“Externalities in the Classroom: How Children Exposed to Domestic Violence Affect Everyone’s Kids”
Children from families affected by domestic violence decrease the academic achievement and increase the misbehavior of the other children in their classes, according to a study by two economists who set out to examine the widely held belief that one disruptive student can depress learning in a whole classroom.
Scott E. Carrell, an economics professor at the University of California, Davis, and Mark L. Hoekstra, an economics professor at the University of Pittsburgh, estimate that with one student affected by domestic violence in a classroom of 20 children, test scores are reduced by 0.67 percentile points and incidences of behavior infractions by peers increase by 16 percent.
Using court records in Alachua County, Fla., the researchers linked the domestic-violence cases to the schooling records of children who were part of those cases.
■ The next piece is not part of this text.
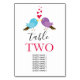 Ce design présente une paire d'inséparables adorables. Une illustration simple et mignonne d'oiseaux amoureux des coeurs rouges flottant dans l'air. L'amour et la passion sont dans l'air avec ce design. Un design simple et romantique avec une typographie élégante. Ce design est idéal pour n'importe quel thème mariage. Le design parfait de la table de mariage toute saison. Des invitations de mariage et d'autres articles de papeterie sont également disponibles. Customisez le numéro et achetez chaque numéro de table individuellement en fonction du nombre de numéros de table dont vous avez besoin.

They then examined the test and disciplinary data of the children from the violent households and those of their classmates in the 3rd, 4th, and 5th grades in 22 elementary schools for the academic years 1995-96 to 2002-03.
As the number of children from violent households rose in a grade cohort, the 30-page report says, there was a “statistically significant reduction in peer student math and reading test scores and significant peer disciplinary infractions and suspensions.” The researchers also identified boys in such families as the primary drivers of such a “negative spillover.”
The researchers say the results have implications not only for social policy, but also for education policy, including for questions surrounding academic tracking and school choice.